Exercise for the time poor

Exercise for the time poor


By the Roadmap+ Team
 

Although well-being and longevity are indisputable benefits, exercise, more than any other activity, is moved around, pushed back and ultimately avoided when it really ought to be our number one priority. Without sound health, maximum productivity and contentment is impossible. And the most common cause of putting exercise on the back burner is lack of time.

Reaching the World Health Organization's (WHO) recommended 150 minutes of exercise per week is achievable for most of us. It may simply be a matter of trying alternative approaches to exercise, different times or breaking it up into smaller activities across the day. Consider any combination of the following if you're guilty of using time and busyness as an excuse:

breaking up exercise ... could improve your health without severely impacting your time

  • First things first. A morning workout means it's out of the way, you'll be inspired to accomplish more over the course of the day, you'll have increased energy levels and improved mood for up to 12 hours, better blood sugar control for up to an hour, and studies have also shown that you are likely to have improved sleep to boot. It's the most challenging habit to form in this list, but it's possibly the most advantageous.

  • Go with the flow. No, not when you feel like it, but when your body does. Understanding your circadian rhythm, the internal body clock, will help you understand when you'll be least likely to opt out of an exercise session due to fatigue. It may require some experimentation, but you also might want to save some of this peak time for other pursuits. For most, the best hours are said to be from wake up to around midday.

  • Workout with someone. Group fitness is great, but you'll feel more pressure to show up if a single person will be affected and potentially miss a workout, too. Find someone at a similar fitness level to keep up and improve with you.

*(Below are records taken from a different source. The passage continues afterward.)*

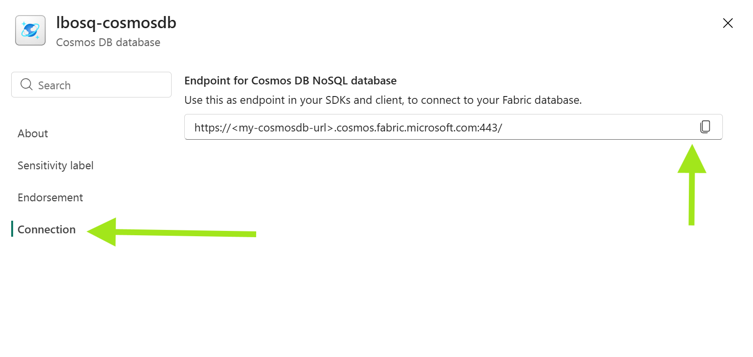 Rufen Sie Ihre Fabric Cosmos DB-Endpunkt-URL ab.
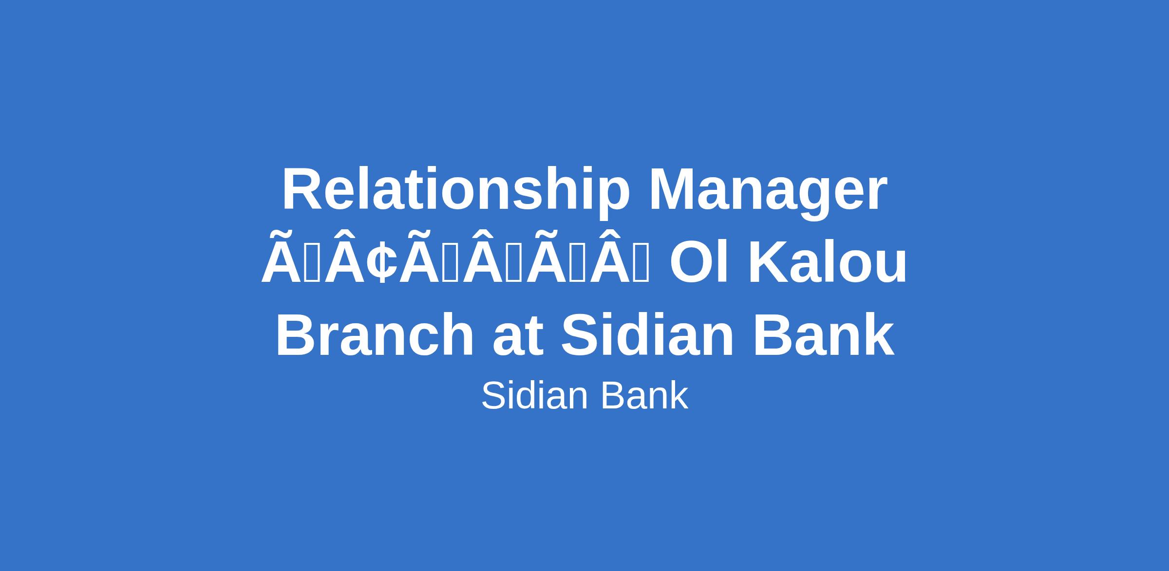 Relationship Manager âÃÂàOl Kalou Branch at Sidian Bank
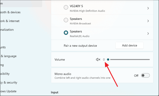 Если в строке «Громкость» вы видите «0» перед ползунком громкости, это означает, что звук в настоящее время отключен.
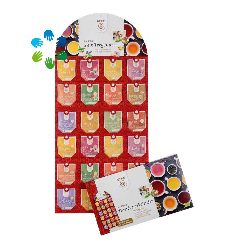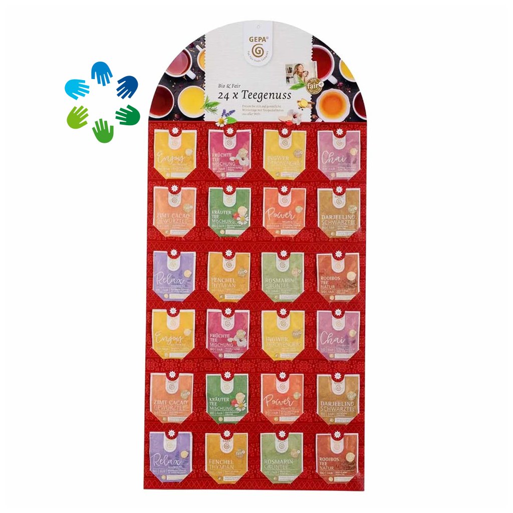 Velký závěsný čajový adventní kalendář s 24 čajovými sáčky 12 různých druhů z ekologického zemědělství Egypta, Burkiny Faso, Vietnamu, Jihoafrické republiky, Indie a Šrí Lanky. Žádný z čajů neobsahuje umělá aromata ani barviva. Každý sáček je přitom rozložitelný s nití z bio bavlny a vyndáte ho z rovněž kompostovatelné obálky bez hliníku s ochranným filmem pro uchování aroma čaje.

  • Exercise bursts. Short, 10-minute bursts of activity, from a brisk walk to high intensity exercise, throughout the day is accepted by experts as exercise that can accumulate to the WHO's recommended 150 minutes per week.
     
    Experts agree any activity is better than none, with a recent Australian study showing just 3500 extra steps walked per day positively affects health and assists weight loss. In a 2016 study by McMaster University, it was found a single minute of very high intensity exercise has similar benefits to longer sessions, and an earlier study by University of Minnesota found warming up is not as effective as once thought, but exercise should be gradually intensified. In summary, if you currently lack the discipline or the time for a longer session, breaking up exercise into 10-minute bursts could improve your health without severely impacting your time.

  • Change with the seasons. In some parts of the world it can be too warm or cold at particular times of the day. Only commit to what makes sense and switch times depending on season.